Through poverty, adolescence, and a fraught relationship with her mother, Ashley C. Ford wishes she could turn to her father for hope and encouragement. There are just a few problems: he’s in prison, and she doesn’t know what he did to end up there. She doesn’t know how to deal with the incessant worries that keep her up at night, or how to handle the changes in her body that draw unwanted attention from men. In her search for unconditional love, Ashley begins dating a boy her mother hates. When the relationship turns sour, he assaults her. Still reeling from the rape, which she keeps secret from her family, Ashley desperately searches for meaning in the chaos. Then, her grandmother reveals the truth about her father’s incarceration . . . and Ashley’s entire world is turned upside down.
Somebody’s Daughter steps into the world of growing up a poor Black girl in Indiana with a family fragmented by incarceration, exploring how isolating and complex such a childhood can be. As Ashley battles her body and her environment, she embarks on a powerful journey to find the threads between who she is and what she was born into, and the complicated familial love that often binds them."
Zoom information (and possible hybrid meeting details) will be provided closer to the planned meeting: 12:00pm-1:00pm, February 16, 2022.
These questions and similar will be discussed (suggested questions from: https://bookclubz.com/discussion-guides/somebodys-daughter-a-memoir):
So much of the [book] revolves around the way our childhoods have lasting effects on who we are as adults. Could you relate to any of Ashley’s experiences?

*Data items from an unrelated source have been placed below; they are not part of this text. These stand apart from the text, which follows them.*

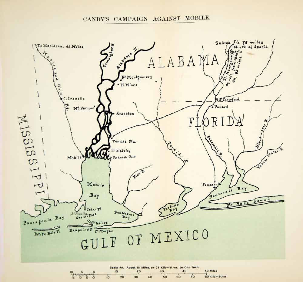 1910 Lithograph Map American Civil War Edward Canby Mobile Alabama Raid CWM1
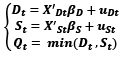 where Dt is the demand for credit in t, St is the supply of credit in t, XDt and XSt are two vectors of independent variables of Dt and St, respectively, and uDt and uSt are i.i.d residuals. Furthermore, (6) is the short-side rule equation which, for each period t, associates the short side (the minimum of Dt and St) with Qt the quantity of observed credit.
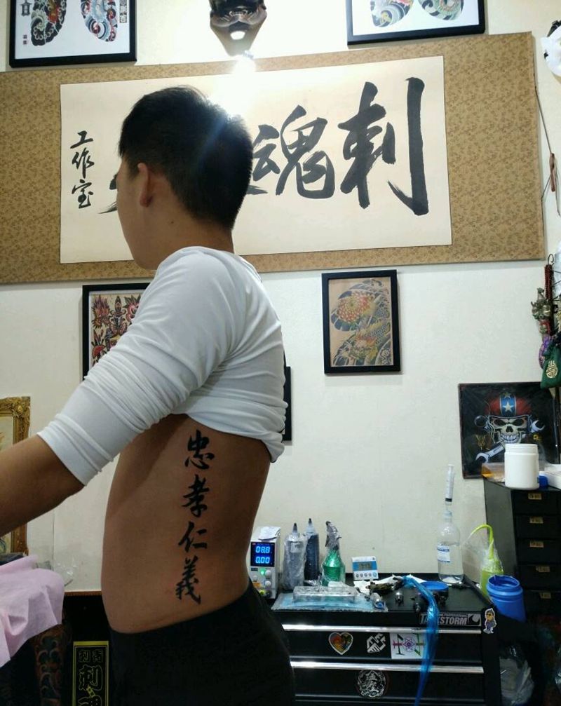 当前位置: 首页 >湖北省十堰市纹身店-刺魂纹身总店纹身图案>侧腰忠孝仁义纹身图片_腰部传统字符静物图腾原创花絮生活成品插画纹身图案
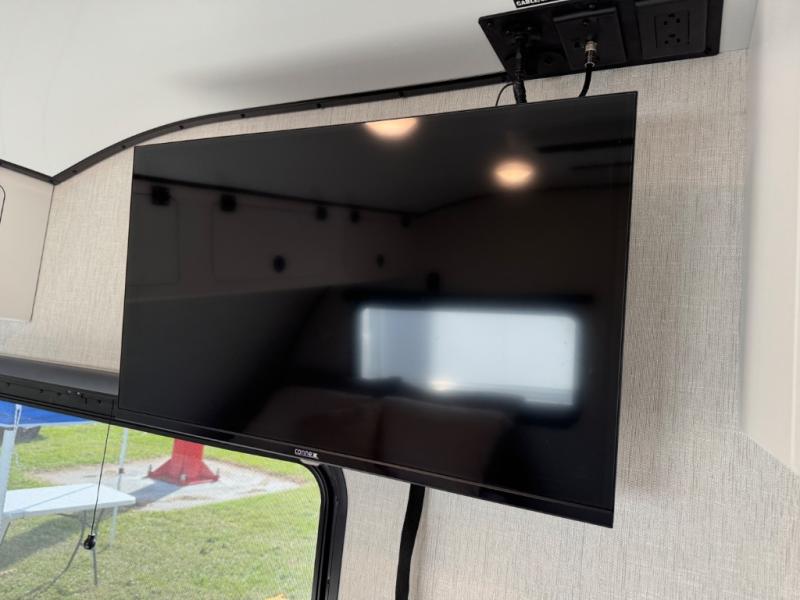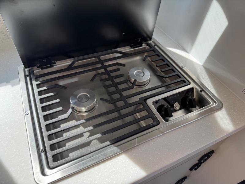 Expand your horizons with one of these Encore RV Venu travel trailers! They are 100% wood free with an all aluminum tube construction, aluminum wheels, and a hi-gloss fiberglass one-piece roof. The Tweed interior walls come with Azdel and the one-piece Luxe vinyl flooring is not only durable, but also easy to clean. The exterior scare lights help to deter unwanted visitors. A few more safety features include safety chains, electric brake axles, and a full-size spare tire and mount just in case. An electric tongue jack will make towing easier than ever, plus there is a large pass-thru storage with LED lights, four frameless windows, and a heavy-duty ladder so you can wash off the top of your unit after a weekend in the woods!
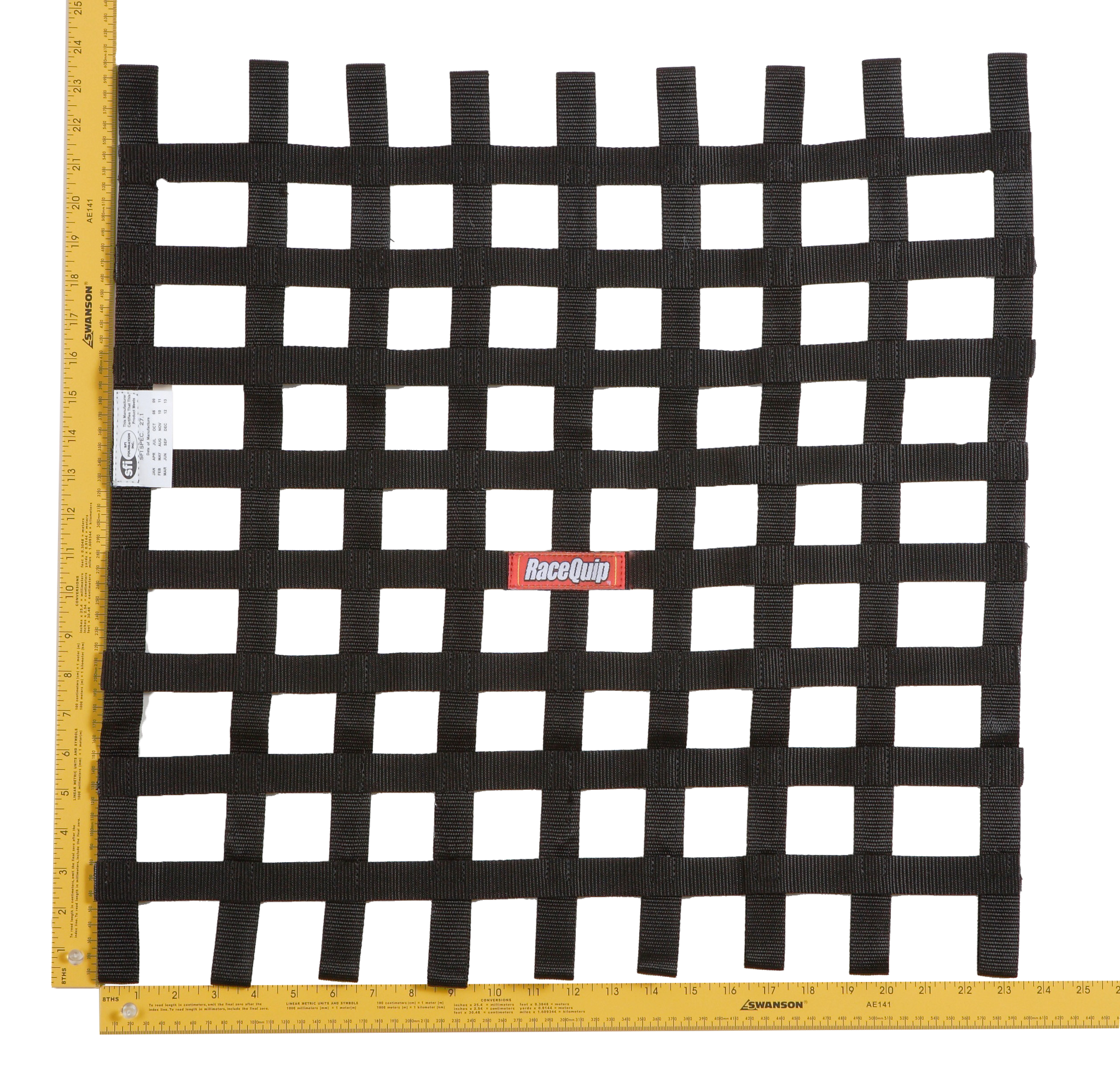 RaceQuip SFI 27.1 Rated Ribbon Window Nets are constructed of heavy-duty 1" polypropylene webbing and nylon thread for maximum durability. RaceQuip utilizes a jig-built construction technique to ensure consistent size, shape, and fit. This auto racing window net is a very unique size (15" High X 18" Wide) and satisfies many applications where a custom racecar window net would be needed. SFI 27.1 certified and available in black.

How does Ashley’s relationship with her mother and father differ from yours? How does it compare?
Discuss the ways in which Ashley handles (or struggles to handle) fulfilling the various roles she must play as a daughter, granddaughter, sister, partner, friend … How does she balance these roles with developing and maintaining her own identity? Does she succeed?
In chapter 7, we hear a powerful anecdote about garden snakes and their inclination to stick together when faced with danger. How does this scene present itself as a theme throughout the [book]?